Chip-Scale Packaging

A Better Power Package

GaN transistors are much smaller than their silicon counterparts. This size advantage translates into additional cost benefits to the producers, translating into additional cost benefits to the user. PCB real estate is very expensive. Smaller devices mean less real estate. In some cases, the smaller footprint and greater performance of GaN enables a new end product not possible with larger silicon parts.

For high voltage lateral GaN transistors, all of the electrical connections are located on the same side of the die, allowing for the elimination of complex, performance limiting two sided packaging common in vertical Si power MOSFETs. Chip-scale packaging is a more efficient form of packaging that reduces the resistance, inductance, size, thermal impedance, and cost of power transistors, enabling unmatched in-circuit performance.

Better Performance, Thermal Efficiency and Reliability


Figure 1: EPC1001 eGaN® FET
The EPC1001 (figure 1) was first introduced in March 2010 and began the chip-scale packaging revolution. This device has a thin layer of gallium nitride (GaN) grown on top of a standard silicon substrate. Inside the GaN we fabricated a first-generation discrete transistor that performed 5 – 50 times better than the best silicon MOSFETs, depending upon the application. And, instead of a plastic molded package, we put “solderable bars” directly on the surface of the device. Flip this part over and it can be mounted it directly onto a PCB (See figure 2).

Chip Scaled Packaged eGaN FETs
Figure 2: Two EPC eGaN FETs are soldered to a PCB. The back surface is silicon.
Chip-Scale Package eGaN FETs vs. Packaged MOSFETs
Figure 3: Popular power packages such as the SO-8, LFPAK, and DirectFET add considerable parasitic inductance to a power conversion circuit. This inductance induces large losses in the transistor inside the package.

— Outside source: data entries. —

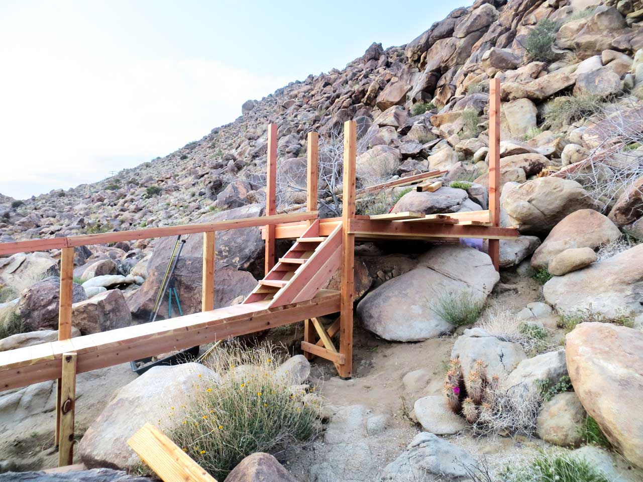 Fitting steps and supports into a short hillside staircase between a ramp and a deck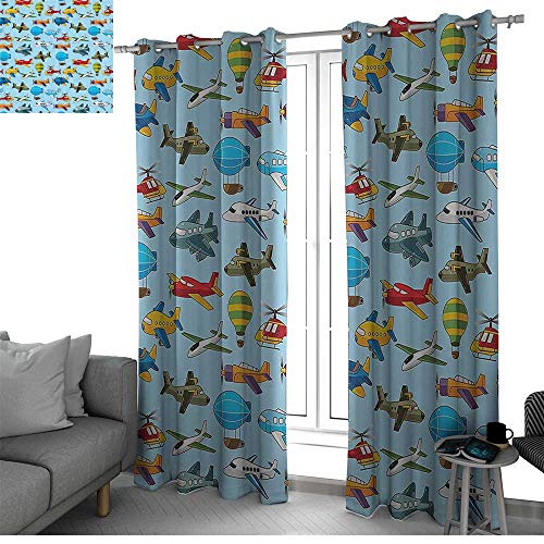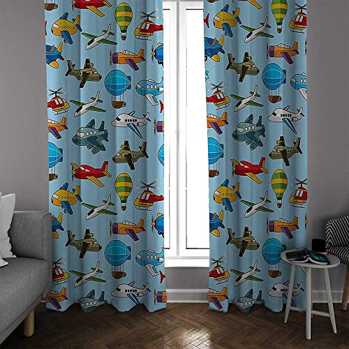 ✅ PATTERN DESCRIPTION:Kids,Cute Airplane Helicopter Zeppelin Air Balloon Military and Toy Flights Nursery Pattern,Multi✅ ELEGANT DESIGN: 2 panels per package. Each Blackout Curtain measures 54" wide x 84" long.Please allow 1-2 cm error due to manual measurement and the picture may not reflect the actual color as different monitor display and light effect.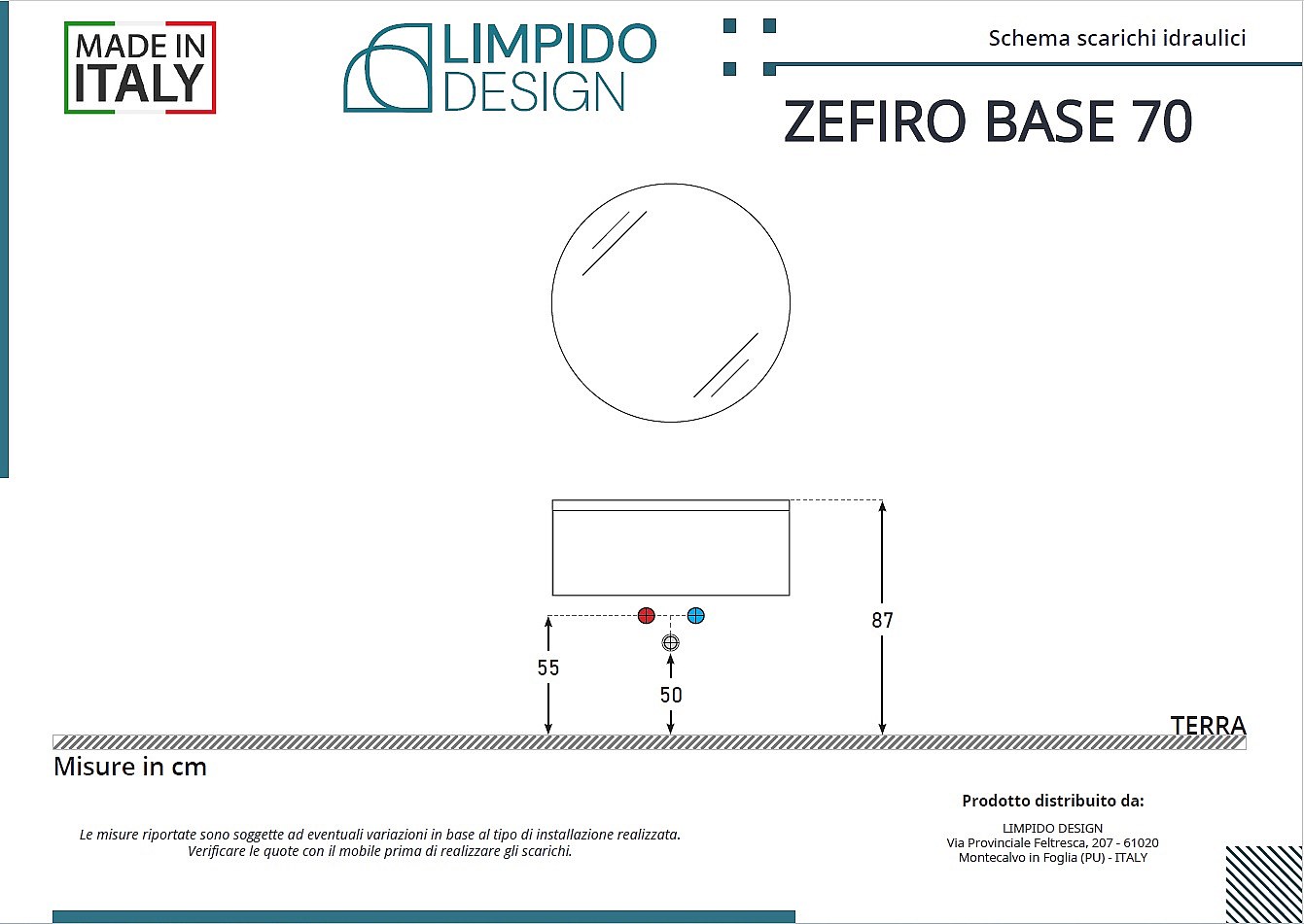 Mobile bagno Top L 70 x P 46 con lavabo in appoggio poro noce cassettiera tortora milano specchio

Figure 3 shows the impact of just the inductance inside the common silicon MOSFET packages on the power losses in a common power supply. In this case, the internal package inductance causes the devices to turn on and off slower and therefore the transistor generates higher switching losses. The popular SO8 package induces losses that amount to 80% of the total losses incurred in the device. Even the most efficient package – the DirectFET – doubles the losses in the device. The EPC2001C chip-scale device has less than 20% losses added due to inductance in the traces on the PCB under the device. Lower losses, less heat, higher power conversion efficiency. Oh, and the chip-scale package also doesn’t add any unwanted resistance to the device. Package resistance can add 20-50% to the resistance of a low voltage state-of-the-art silicon MOSFET. Pure loss.

Figure 4 is a comparison between eGaN FETs, double-sided QFNs, and DirectFETs. In the figure, the vertical axis is the thermal resistance from the device to the ambient and the horizontal axis is the device size. The lower the resistance the better, and eGaN FETs in chip-scale “packages” are much better. It is not a surprise, because eliminating all barriers between the active device and the ambient environment gives heat the most direct path to the outside world.

Chip scale packages have lower thermal resistance than silicon power packages
Figure 4: Chip-scale packages have lower thermal resistance than the most efficient silicon power packages.

Over 14 years and 238 billion device hours, eGaN FETs and ICs from EPC have demonstrated an unprecedented record of reliability in the field with only three failed failures. Whether in truck headlamps, onboard autonomous vehicles, inside 4G/LTE base stations, or within DC-DC power supplies, eGaN FETs have demonstrated a total field failure rate of under 1 FIT (Failures every billion device hours).